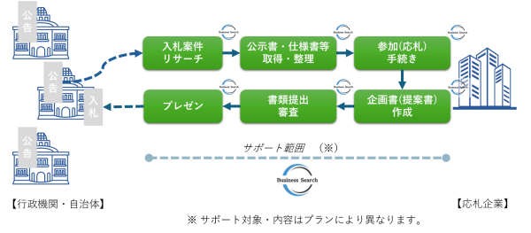 私たちビジネス・サーチは、「入札は初めて...」という企業様、「(希望の)案件が見つけられない...」「なかなか落札できない...」という企業様にも安心して入札に参加していただけるように、入札案件のリサーチ/紹介、そして入札(入札前の審査)までに必要作業をサポートします。
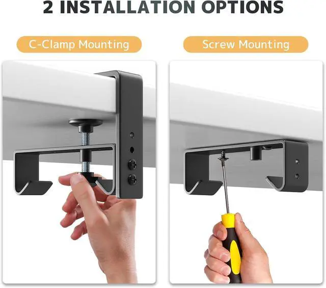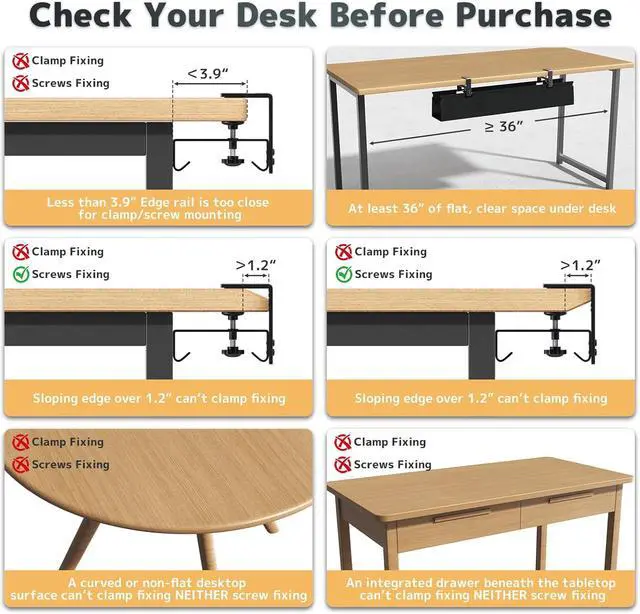Two Ways Installations: This under desk organizer supports both no drill clamp-on and screw fixing installation, it fits most table top materials such as wood table, glass table, and metal table
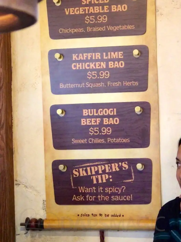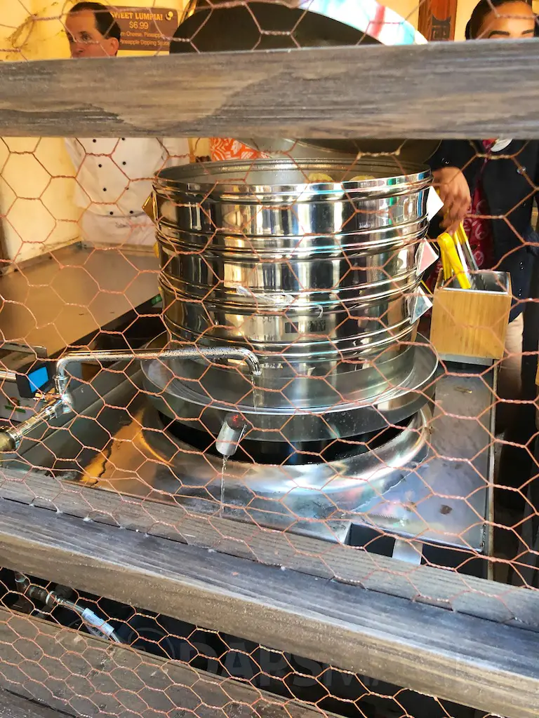 At the other stand are a variety of bao buns. Chicken, beef bulgogi, and vegetable are the flavors of buns. Also featured here are the famous Pongo Lumpias that was first introduced in World of Avatar over in Animal Kingdom. The Lumpias are spring roll-like desserts with pineapple cream cheese and cinnamon sprinkled on the outside. When you order it comes in two along with a dipping sauce!
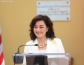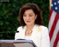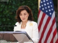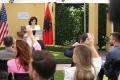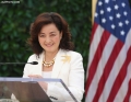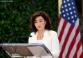 Ambassador of the United States in Tirana, Yuri Kim speking during a press conference in the premises of the American embassy in Tirana. This was Yuri Kim's last press conference as ambassador to Albania, while she will continue to work within the American administration, taking the position of principal deputy assistant secretary for European affairs at the US State Department.
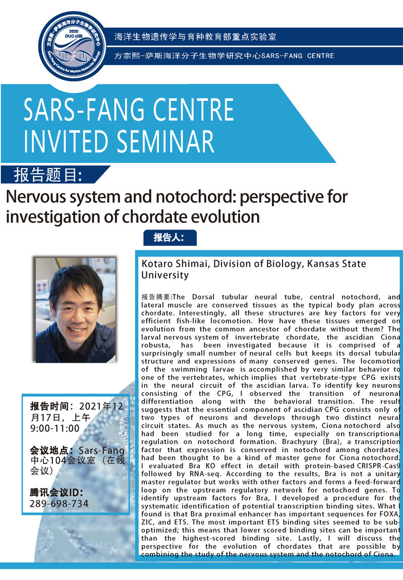 Kotaro Shimai:Nervous system and notochord: perspective for investigation of chordate evolution
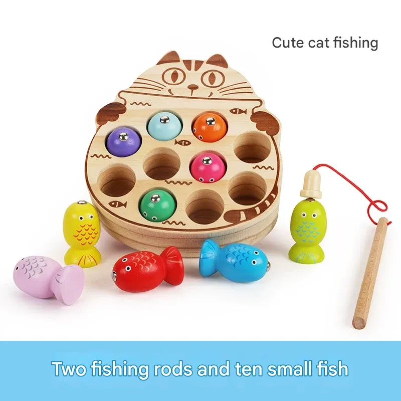 Wooden Magnetic Fishing Game for Kids – Pretend Play Early Education Toy with Fishing Rod
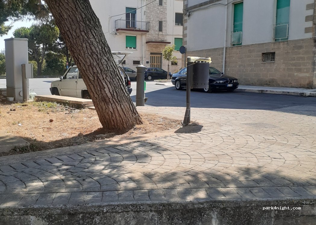 Fontaine avec eau potable à proximité d'un petit parking ombragé. excellent pour une pause déjeuner lors de la visite d'Ostuni.
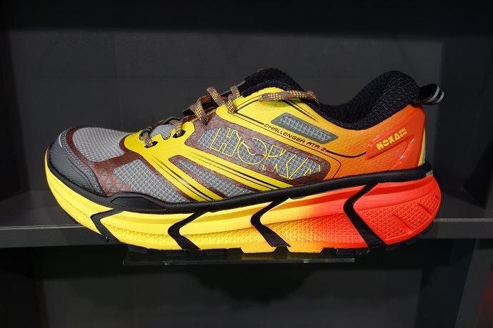 Foto 1: Srovnání silniční a krosové boty, kde je s černou podrážkou bota krosová pro běh měkkým terénem a se žlutou bota silniční pro tlumení nárazů při běhu na tvrdším povrchu.
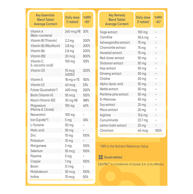 Key Peri + Menopause Remedy blend ingredients per tablet (Yellow tablet)
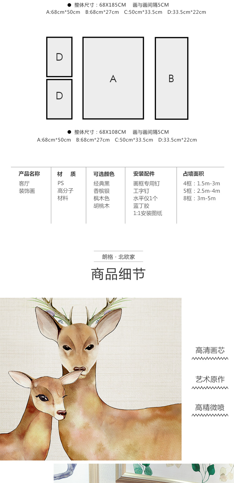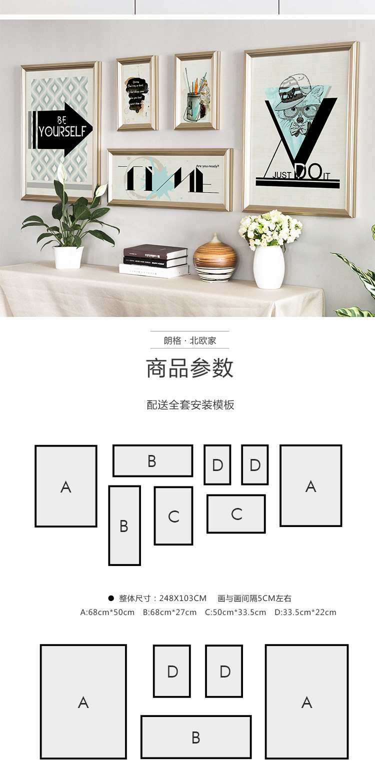 商品名称:朗格 北欧风格客厅装饰画沙发背景墙挂画组合美式墙画现代简约餐厅壁画
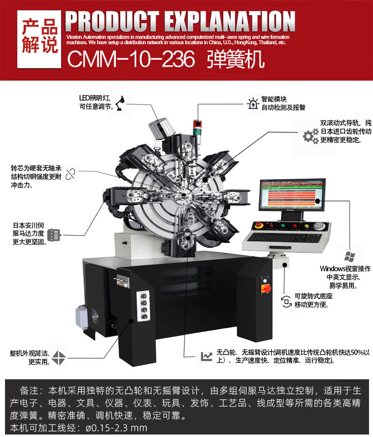 本機型適用于生產(chǎn)電子、電器、文具、儀器、玩具、發(fā)飾、工藝品、線成型等高難度精密彈簧。
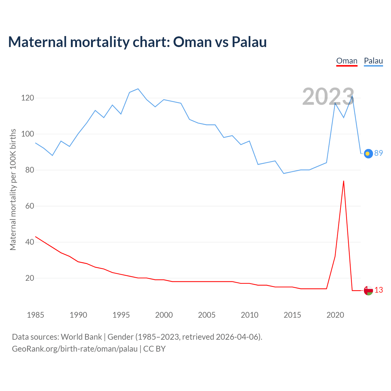 The maternal mortality rate, which is the probability of dying during childbirth or within 42 days of pregnancy termination, is 13 deaths per 100,000 live births in Oman, compared to 89 deaths in Palau.
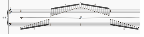 《黄金水道》中首次出现的水主题具有奠基意义,它以D-E-G-A-B五声音阶为骨架,通过筝与竖琴连续的十五连音上下密集刮奏,在“梭形”力度(mp-ff-mp)变化中形成涟漪般层层推进的流动轮廓(见谱例1)。在随后的乐章中,水主题根据不同文化内容的需要发生形态、风格变化。《漕运沧桑》中,水主题被压缩为短促而强势(fff)的刮奏音型,以表现运河的沧桑与厚重(见谱例2);《江河万古流》中,笙独奏主题延续水主题上下波动、长线条展开的旋律特征,通过音高的渐次出现弱化事件指向,将水流转化为跨越时间的精神象征(见谱例3)。在《运河明珠》中,阮独奏的漫游主题依然保留了水主题的基本形态,并通过分解和弦、滑音与震音的运用强化水波荡漾的听觉联想。水主题核心形态在不同语境中的保留,使各乐章主题虽在内容与风格上各有侧重,却在听觉上始终指向水这一意象,维系了作品整体的内在统一。水主题的变化发展生动诠释了“水无形而有万形”的文化意蕴。
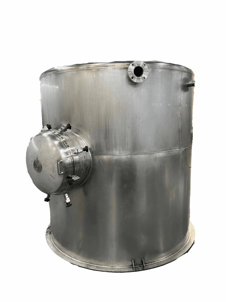 - Reinforced construction with flanged nozzles, a 24” side manway, and Endress radar level sensor.
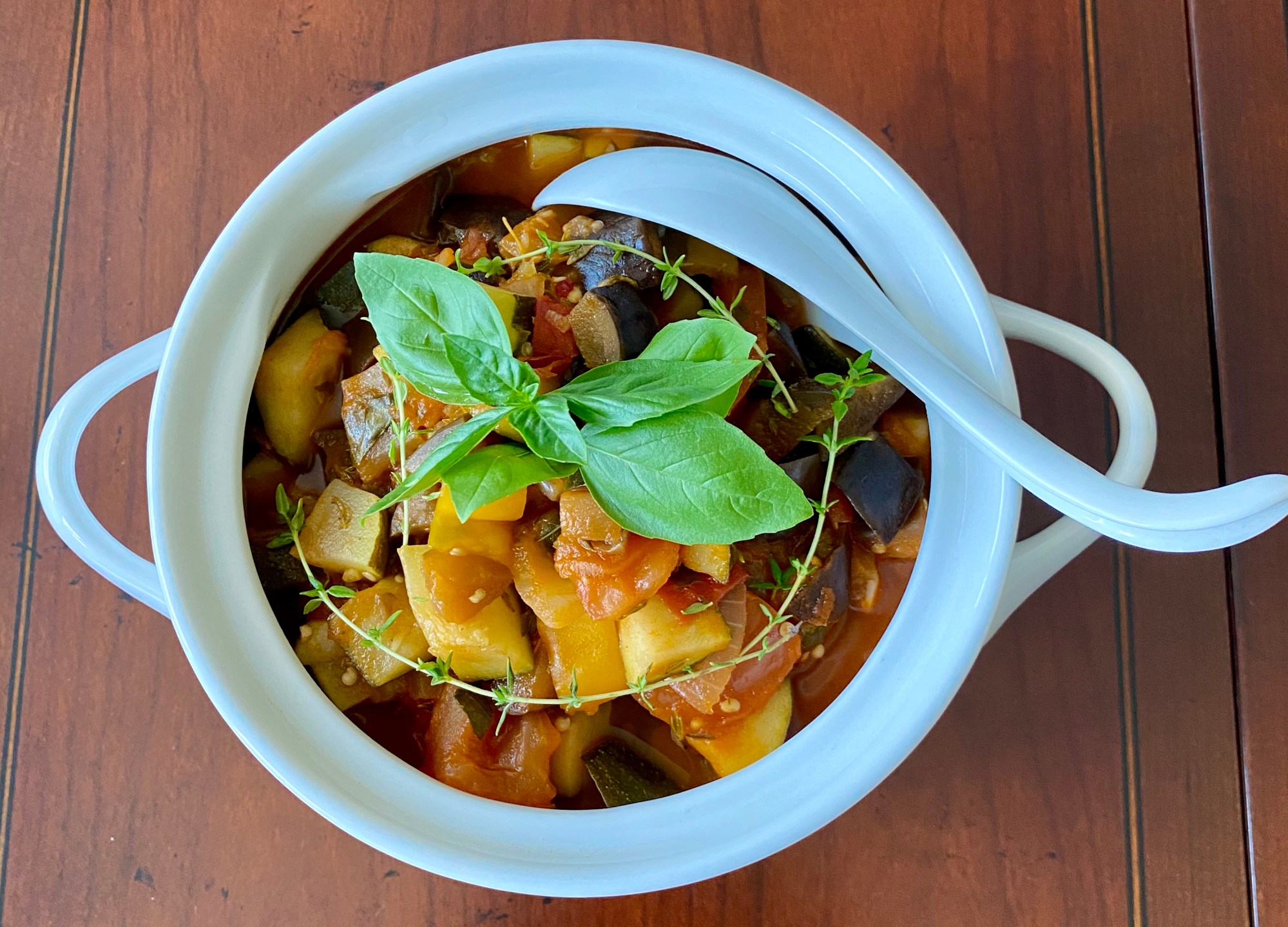 Ratatouille is a bright and chunky summer vegetable stew, rich with olive oil and fragrant with garlic and fresh herbs.
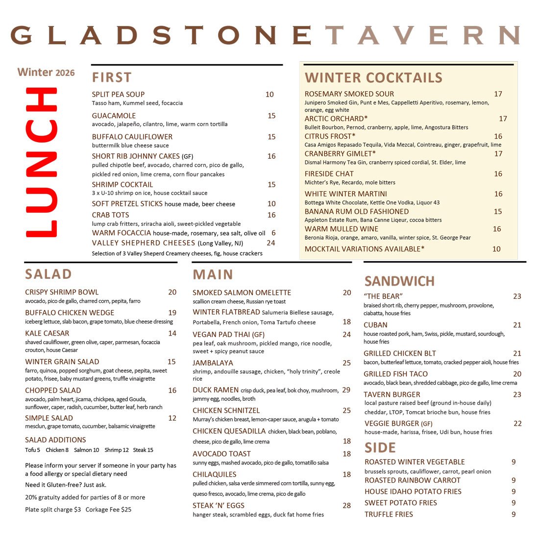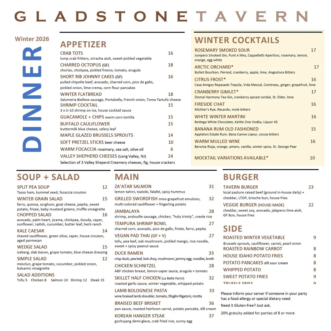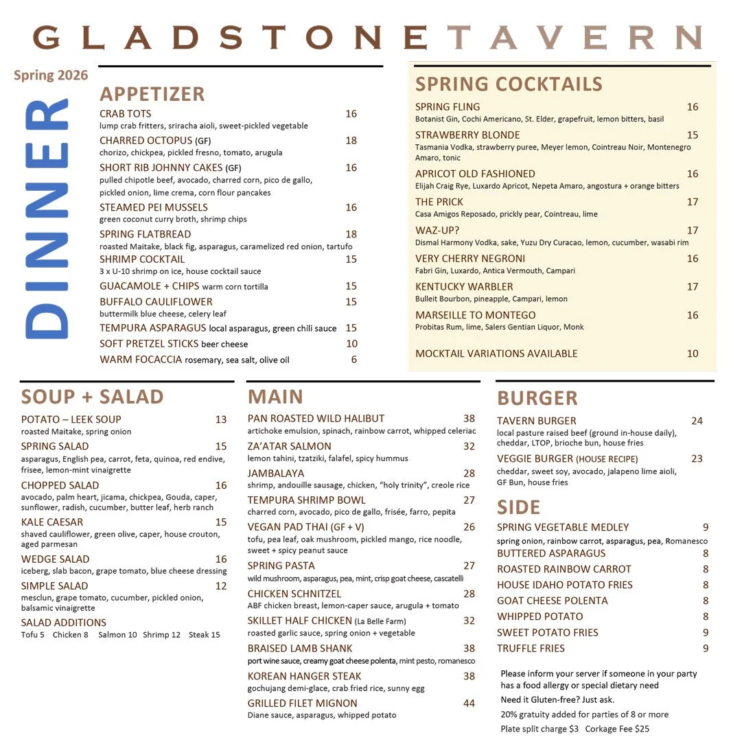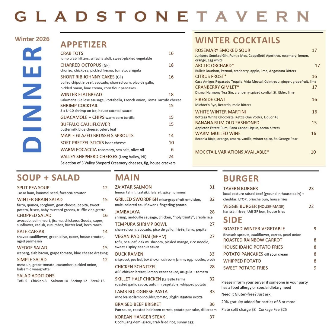 Our Menus change seasonally —•— Be sure to check back for updates
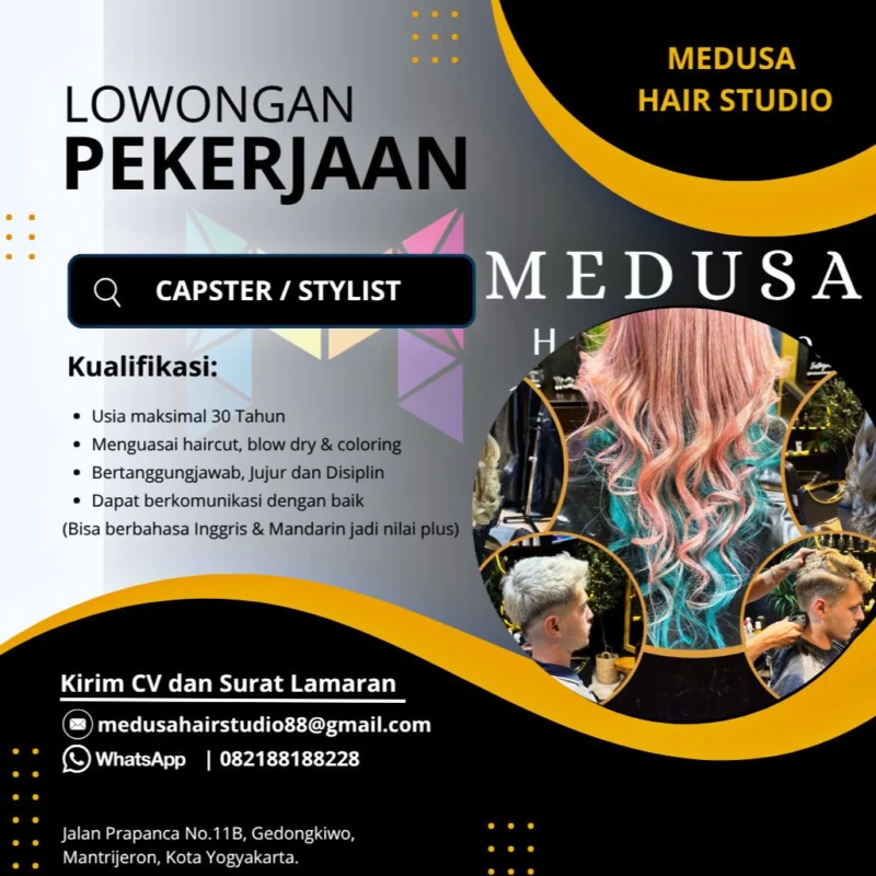 • Pengalaman: Minimal 1 tahun di bidang salon, termasuk pengalaman potong, smoothing, coloring, serta nail art & eyelash extension.
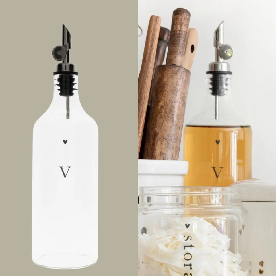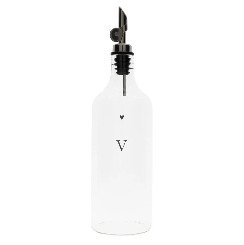 Diese stilvolle Essigflasche aus transparentem Glas von Bastion Collections verbindet praktischen Nutzen mit einem klaren, modernen Design. Mit einer Höhe von 29 Zentimetern und einem Durchmesser von 8 Zentimetern ist sie nicht nur handlich, sondern auch ein eleganter Blickfang auf deiner Küchenzeile oder dem Esstisch.Auf der Vorderseite steht ein großes, schlichtes V, ein Hinweis auf den Inhalt der Flasche. Direkt darüber befindet sich ein kleines schwarzes Herz, welches eine persönliche, charmante Note verleiht. Diese liebevolle Gestaltung macht die Flasche zu mehr als nur einem Gebrauchsgegenstand.Die integrierte Gießvorrichtung ermöglicht dir ein gezieltes und tropffreies Dosieren – ideal beim Verfeinern von Salaten, Marinaden oder Gemüsegerichten. Der praktische Verschluss sorgt dafür, dass der Essig sein volles Aroma behält und vor unnötigem Luftkontakt geschützt ist.Ob beim täglichen Kochen oder bei einem gemütlichen Abendessen mit Gästen, diese Flasche ist ein funktionaler und zugleich dekorativer Helfer, der Stil und Ordnung in deine Küche bringt.Sie eignet sich auch wunderbar als Geschenk für alle, die Freude an gutem Geschmack und liebevollen Details haben. Eine Essigflasche, die zeigt, dass auch in der Küche kleine Dinge große Wirkung haben können.
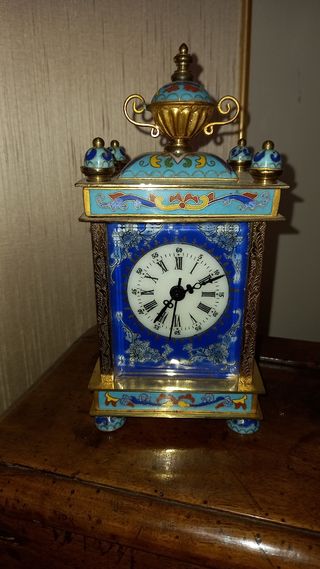 Bellissimo orologio da tavolo, un pezzo unico scolpito a mano. - Design artigianale. - Materiale: ceramica. - Pendolo dorato. - Numeri romani sul quadrante.
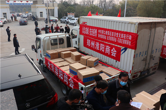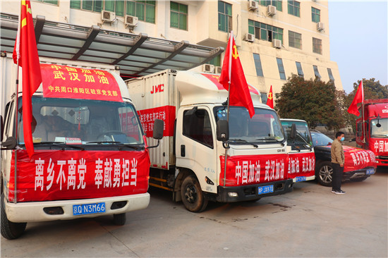 2月4日,隨著一輛輛裝滿物資的汽車緩緩駛?cè)胫芸?,周口市淮陽區(qū)駐外流動黨員黨支部的一場捐款捐物活動如期進(jìn)行。

Exercise aim: What you should repeat exactly is the run of lines from the top of the listing above through the line with "Two Ways Installations: This", without pictures.

Task response:
 私たちビジネス・サーチは、「入札は初めて...」という企業様、「(希望の)案件が見つけられない...」「なかなか落札できない...」という企業様にも安心して入札に参加していただけるように、入札案件のリサーチ/紹介、そして入札(入札前の審査)までに必要作業をサポートします。
Two Ways Installations: This under desk organizer supports both no drill clamp-on and screw fixing installation, it fits most table top materials such as wood table, glass table, and metal table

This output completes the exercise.